(Data entries)
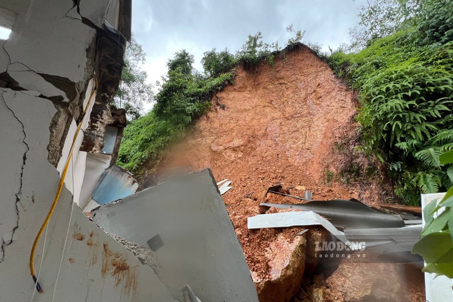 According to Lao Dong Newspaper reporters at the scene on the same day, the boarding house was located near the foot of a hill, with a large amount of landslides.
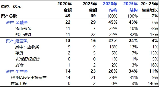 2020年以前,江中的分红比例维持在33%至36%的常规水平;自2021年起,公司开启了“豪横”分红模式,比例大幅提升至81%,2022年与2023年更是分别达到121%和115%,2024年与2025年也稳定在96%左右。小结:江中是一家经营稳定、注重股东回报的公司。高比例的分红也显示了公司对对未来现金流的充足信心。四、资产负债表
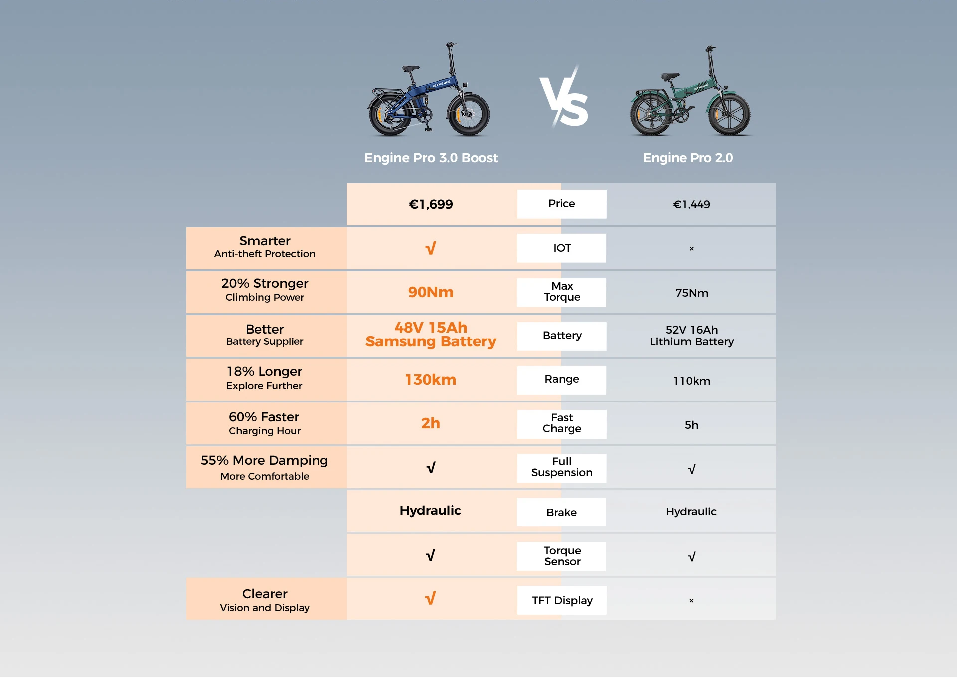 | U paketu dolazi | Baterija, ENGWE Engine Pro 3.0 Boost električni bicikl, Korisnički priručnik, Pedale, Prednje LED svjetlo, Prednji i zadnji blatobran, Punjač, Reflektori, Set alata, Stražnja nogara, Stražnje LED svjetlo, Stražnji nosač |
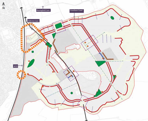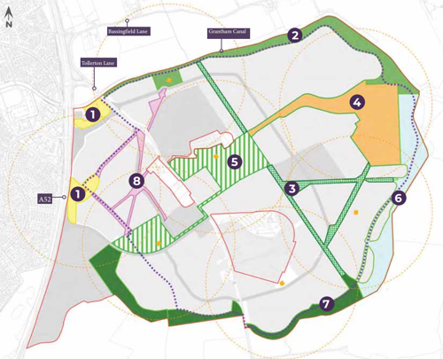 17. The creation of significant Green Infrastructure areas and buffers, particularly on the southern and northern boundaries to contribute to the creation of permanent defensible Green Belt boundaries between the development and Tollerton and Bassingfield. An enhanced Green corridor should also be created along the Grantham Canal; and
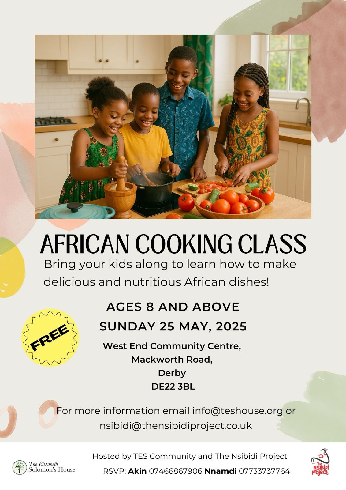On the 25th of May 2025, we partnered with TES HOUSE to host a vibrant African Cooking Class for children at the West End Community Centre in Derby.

TASK BRIEF ▸
Reproduce every record verbatim, please. Omit the images.

ANSWER TO THE EXERCISE ▸
 According to Lao Dong Newspaper reporters at the scene on the same day, the boarding house was located near the foot of a hill, with a large amount of landslides.
 2020年以前,江中的分红比例维持在33%至36%的常规水平;自2021年起,公司开启了“豪横”分红模式,比例大幅提升至81%,2022年与2023年更是分别达到121%和115%,2024年与2025年也稳定在96%左右。小结:江中是一家经营稳定、注重股东回报的公司。高比例的分红也显示了公司对对未来现金流的充足信心。四、资产负债表
 | U paketu dolazi | Baterija, ENGWE Engine Pro 3.0 Boost električni bicikl, Korisnički priručnik, Pedale, Prednje LED svjetlo, Prednji i zadnji blatobran, Punjač, Reflektori, Set alata, Stražnja nogara, Stražnje LED svjetlo, Stražnji nosač |
 17. The creation of significant Green Infrastructure areas and buffers, particularly on the southern and northern boundaries to contribute to the creation of permanent defensible Green Belt boundaries between the development and Tollerton and Bassingfield. An enhanced Green corridor should also be created along the Grantham Canal; and
On the 25th of May 2025, we partnered with TES HOUSE to host a vibrant African Cooking Class for children at the West End Community Centre in Derby.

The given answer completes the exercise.